Simplicity is a secret recipe for good performance.
I want to share with you my simple two-step secret to improving the performance of any website. 1) Make sure that the most important elements of the page download and render first. 2) Stop there. You don't need all that other crap. Have courage in your minimalism.
Complication is worthy of contempt.
You think your 13 megabyte parallax-ative home page is going to get you some fucking Awwward banner you can glue to the top corner of your site. You think your 40-pound jQuery file and 83 polyfills give IE7 a boner because it finally has box-shadow. Wrong, motherfucker. Let me describe your perfect-ass website: Shit's lightweight and loads fast.
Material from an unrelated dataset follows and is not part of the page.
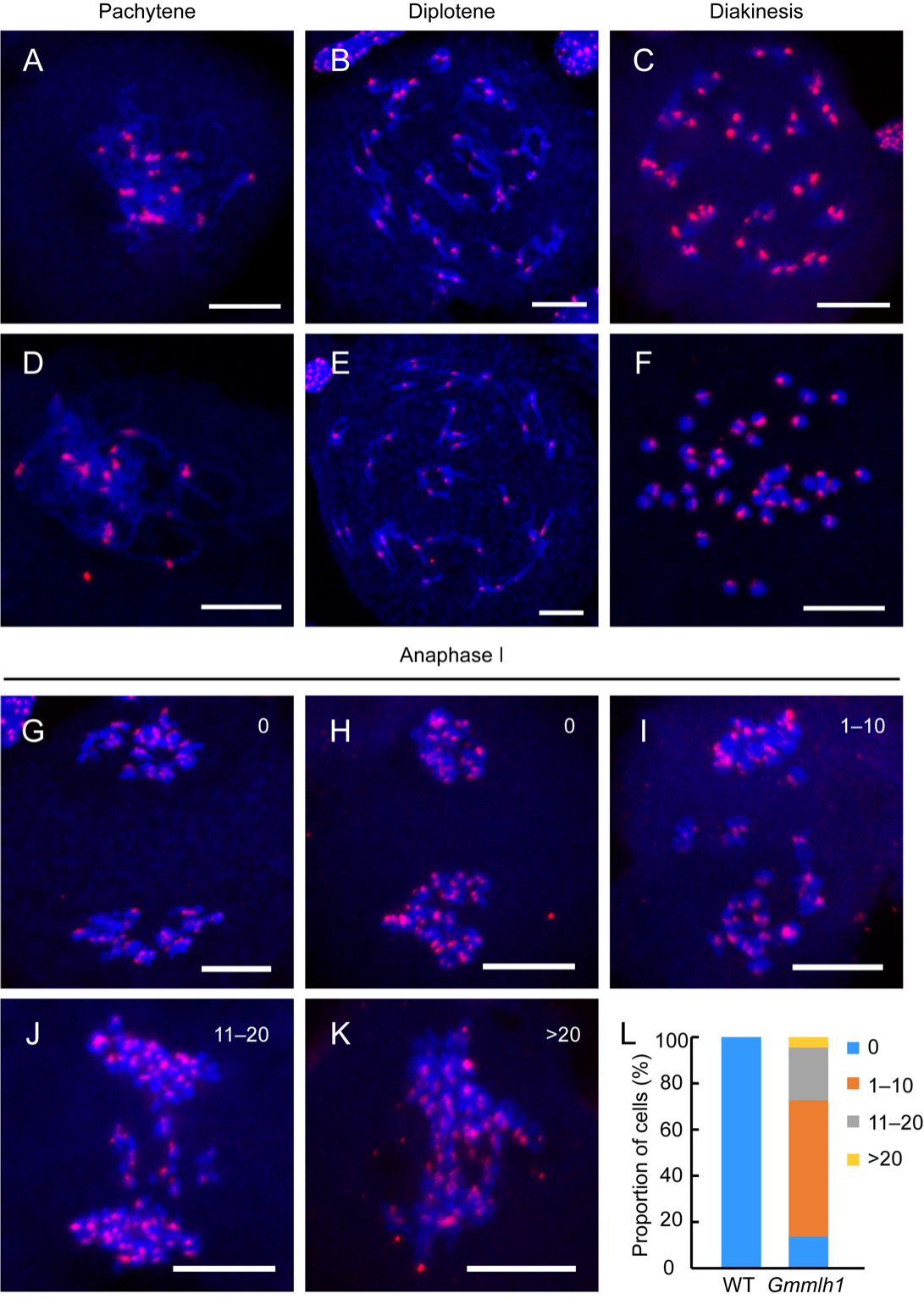 图1. 荧光原位杂交分析大豆Gmmlh1突变体中单价体和后期Ⅰ滞后染色体

Fits on all your shitty screens. Looks the same in all your shitty browsers. The motherfucker's accessible to every asshole that visits your site. Shit's legible and gets your fucking point across (if you had one instead of just 5mb pics of hipsters drinking coffee)
Google’s AMP project, while a bad idea, proved one thing well.
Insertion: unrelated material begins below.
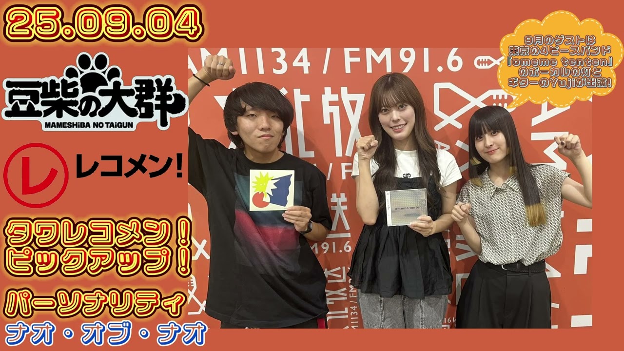 [音楽] こんばんは。全国のタワーレコード スタッフが己れの耳と直感だけ信じて選ん だまだ世間で話題になる前のアーティスト をいち早くピックアップするタワレコメン とZ世代の好きにもっと寄り添い月を 広げるレコメレコメンが月に1度コラボ するコーナー。その名もタれコメ ピックアップ。パーソナリティは豆芝の 大軍のオブナおです。はい。私直オブナは ですね、最近なんかお仕事でなぜかこう 大喜りをすることが多くなりましてですね 。最近で言うと黒フェスっていうあの豆し の大軍のプロデューサーのくロちゃんが 主催するフェスがアイドルフェスがあるん ですが、それの記者会見にこうゲストで プロちゃんが呼んでくれてあの出演したん ですがそこでなぜか大喜りをみんなでや るっていうあの状況に出くわしましてでも なんかすごいくロちゃんが褒めてくれて なんか成長したねって笑いに変える力を 持ってて関心したしっていうLINが届い て嬉しかったです。あの、そんな クロフェス20256年目クロフェスと 結婚するシというタイトルで今年も クロフェス開催されるんですが、9月 131415 の3日間開催されまして、豆しの大軍は9 月13日と15日の2日出演させて いただきますので、海の森水競技場にて 行われます。是非皆さん遊びに来て ください。ということでこの後すぐ今月の タワルコメピックアップアーティストが 登場です。 [音楽] タれコメンピックアップ。 それでは今月のタわれコメンアーティスト をご紹介します。ロックバンドおめてから こちらのメンバーをお招きしました。自己 紹介します。はい。 え、お目め点のギターボーカルあかりです。 ギターの裕二です。 よろしくお願いします。 よろしくお願いします。 あの 噂によるとですね、あのあかりさんが はい。 豆しの大軍がお好きということ。豆粒でもう本当にいや、今日本当にドキドキしてて、 私さっき見ましたよね。 私結構初めてバンド初めて結構ラジオとか出演させていただいてるんですけど、あんなに手が震えた 初めてでも さっきね、ご挨拶させていただいた時に もうすごいなんか鍋粒ぶですって言ってくださってなんかその YouTube も見てますって言って言ってくれた内容がめっちゃ初期のだったりとか最近のものまで てくださったりとかからこのラジオが決まる前からやっぱりもう普通にもう家のソファーとかでめっちゃ見てて ええ もうだからライ映像も本当にSNS でももうずっと見てたので ええ、嬉しい。 嬉しくて嬉しくてなおさんからおめめてんてんという言葉が発せられたのが嬉しいです。 嬉しい。 ありがとうございます。豆粒ぶのみんな聞いてる?これ聞いてください。 本当にめちゃくちゃ嬉しいことが起きてます。それではおめめてのあかりさんと裕二さんにお話を伺っていきましょう。 [音楽] はい。お願いします。おめては2022年 4 月東京にて結成された女性ボーカルのロックバンドです。 ちなみにありさんと裕二さんが初めて会った時お互いの第 [音楽] 1印象ってどう思ってました? 私は明確にあって 私初めて会った時にもう髪がええげなぐらい長かった。 え、この人なんかなんだろう?キノコみたいなもうすっごい怖い髪型だったんです。 髪のドストレートのもう目まで隠れてるキノコ。 本当にな、なんでですか? いや、なんかもう切るタイミングを失って その時多分眉毛もなくて あ、え、やばかったんです。怖かった。 ってる。 そうでなんかタバコも吸うから喫煙所とかにいる なんか怖い怖い ガリガリの怖い なんか怖いギタリストみたいな。今すごいじゃあ丸くなられて そうなんです。もうあのおめめてんてんだっておめ目めてんてんってバンド目でねその見た目下がりすぎじゃないですか。 確かにちゃんとやっぱキャラにしとってもらって。 うん。え、裕二さんはあかりさんの私の第 1印象。 あ、そう。 明りと初めて会ったのはあんま覚えてないんですけど、 [音楽] なんか最初に喋った時に はい。 しょっぱなため口でこいつやるなと思って。 え、覚えてない。 同年だったん?同い年ですか? あ、年齢は1個上なんで。 あの、当時大学サークルで出会って一応その彼は 1個上だけど同期浪してて なるほどなるほど。 で、それで、ま、浪人認してるけど、ま、別に同期だよねみたいな普通に感じでなんか普通にバチってきて やるなと思ってなんかその怖い見た目であの打ち解けずにいたんで彼は。 うん。うん。 あ、じゃ、その壁をこう結っ払って哀れみの 哀れ身のため口だった。 怖い見た目だったよね。髪が長くて今やこんなに。 あ、あれはひどいっす。やばい。 やばいよね。ま、そんな大事印象者でした。 そうです。あの、ちなみになんですけど、ま、さっきから出てそのおめ目めてんてんていうバンド目うん。 その由来っていうのは何かあるんですか? もうこれももう全てがのリで決まっちゃってるんですけど、これももうお目め点。私はなんか目が点々としたキャラクターがすごく好きなんです

[Google] AMP's biggest advantage isn't the library—you can beat that on your own. It isn't the AMP cache—you can get many of those optimizations through a good build script, and all of them through a decent CDN provider ... AMP's biggest advantage is the restrictions it draws on how much stuff you can cram into a single page.
Make your users wait less.
When forced to wait, life seems unnecessarily complex. Savings in time feel like simplicity. And we are thankfully loyal when it happens, which is rare ... When time is saved—or appears to have been—the complex feels simpler.